**The task**
Without reproducing any image, print the listing below exactly.

**Given data**
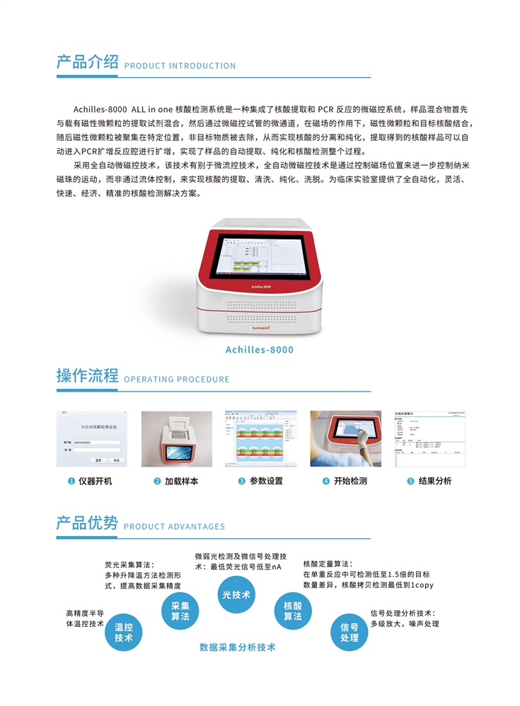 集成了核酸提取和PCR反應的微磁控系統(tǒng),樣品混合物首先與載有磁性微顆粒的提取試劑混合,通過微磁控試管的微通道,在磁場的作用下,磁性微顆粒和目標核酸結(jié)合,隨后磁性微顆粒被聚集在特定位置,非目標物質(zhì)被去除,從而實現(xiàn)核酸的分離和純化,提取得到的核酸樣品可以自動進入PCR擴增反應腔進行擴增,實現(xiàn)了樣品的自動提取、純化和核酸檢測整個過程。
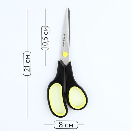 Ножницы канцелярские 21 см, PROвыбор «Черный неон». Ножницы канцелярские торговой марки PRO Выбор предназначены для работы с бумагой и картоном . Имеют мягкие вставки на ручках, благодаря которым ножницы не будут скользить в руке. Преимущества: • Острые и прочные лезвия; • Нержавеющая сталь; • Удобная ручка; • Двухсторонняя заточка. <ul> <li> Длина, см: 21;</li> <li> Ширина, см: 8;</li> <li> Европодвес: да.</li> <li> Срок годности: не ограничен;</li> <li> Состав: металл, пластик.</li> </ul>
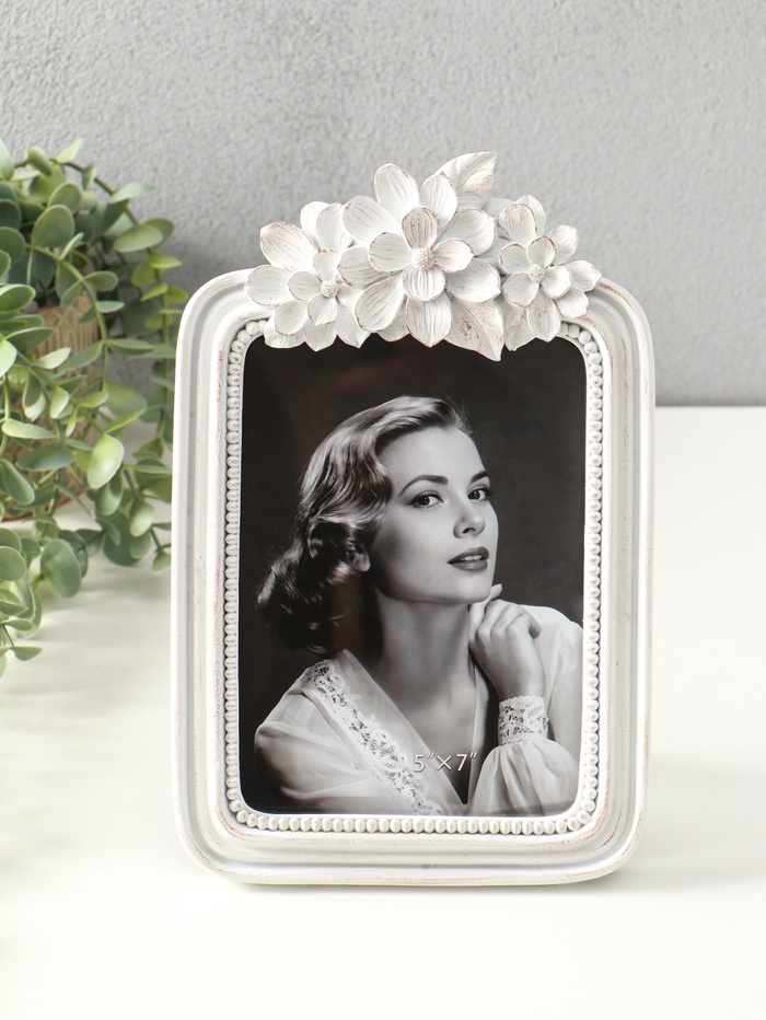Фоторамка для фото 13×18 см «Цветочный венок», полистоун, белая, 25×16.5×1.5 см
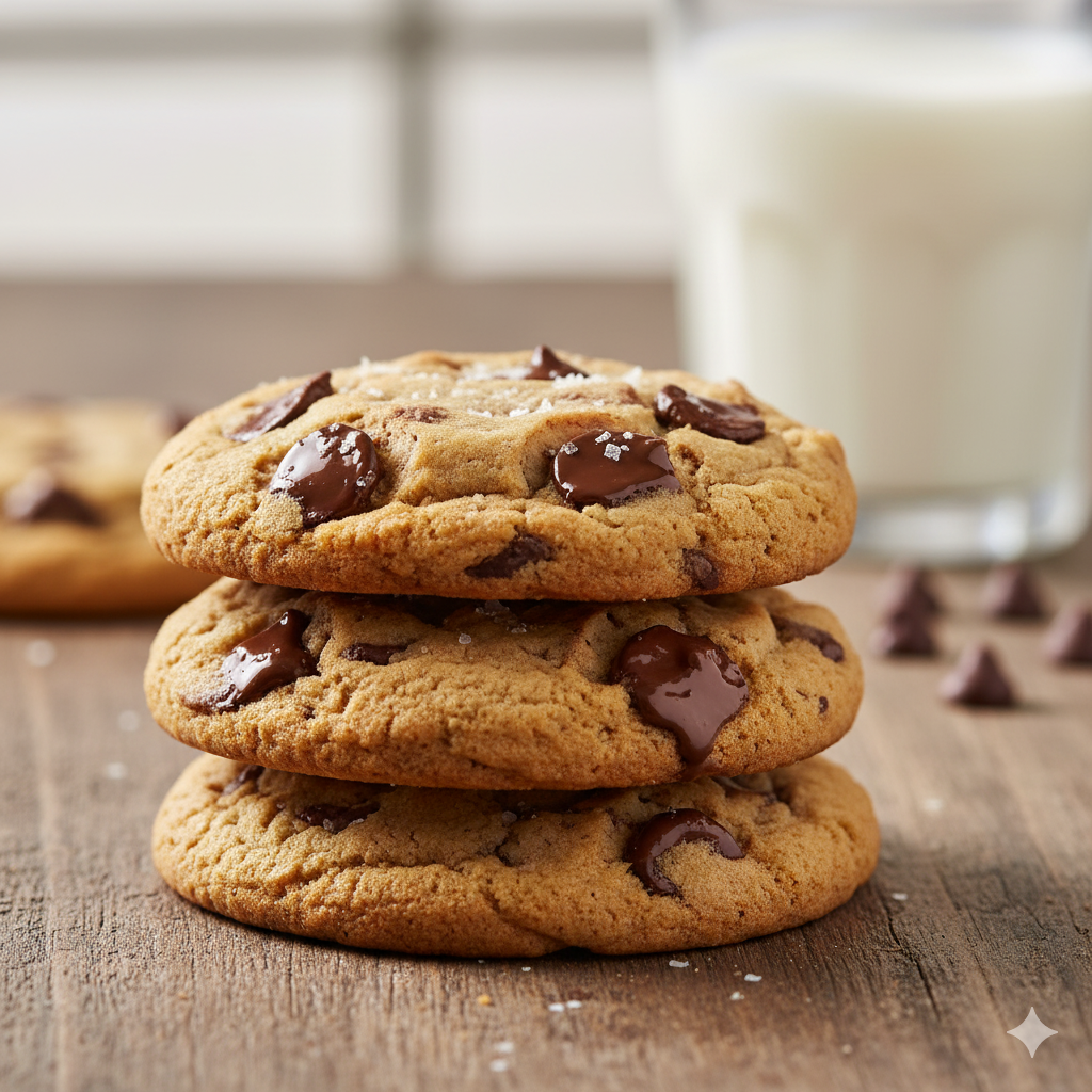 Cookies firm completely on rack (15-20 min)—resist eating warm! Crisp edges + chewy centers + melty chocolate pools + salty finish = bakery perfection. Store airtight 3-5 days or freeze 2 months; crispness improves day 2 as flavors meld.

**Response box**
 集成了核酸提取和PCR反應的微磁控系統(tǒng),樣品混合物首先與載有磁性微顆粒的提取試劑混合,通過微磁控試管的微通道,在磁場的作用下,磁性微顆粒和目標核酸結(jié)合,隨后磁性微顆粒被聚集在特定位置,非目標物質(zhì)被去除,從而實現(xiàn)核酸的分離和純化,提取得到的核酸樣品可以自動進入PCR擴增反應腔進行擴增,實現(xiàn)了樣品的自動提取、純化和核酸檢測整個過程。
 Ножницы канцелярские 21 см, PROвыбор «Черный неон». Ножницы канцелярские торговой марки PRO Выбор предназначены для работы с бумагой и картоном . Имеют мягкие вставки на ручках, благодаря которым ножницы не будут скользить в руке. Преимущества: • Острые и прочные лезвия; • Нержавеющая сталь; • Удобная ручка; • Двухсторонняя заточка. <ul> <li> Длина, см: 21;</li> <li> Ширина, см: 8;</li> <li> Европодвес: да.</li> <li> Срок годности: не ограничен;</li> <li> Состав: металл, пластик.</li> </ul>
Фоторамка для фото 13×18 см «Цветочный венок», полистоун, белая, 25×16.5×1.5 см
 Cookies firm completely on rack (15-20 min)—resist eating warm! Crisp edges + chewy centers + melty chocolate pools + salty finish = bakery perfection. Store airtight 3-5 days or freeze 2 months; crispness improves day 2 as flavors meld.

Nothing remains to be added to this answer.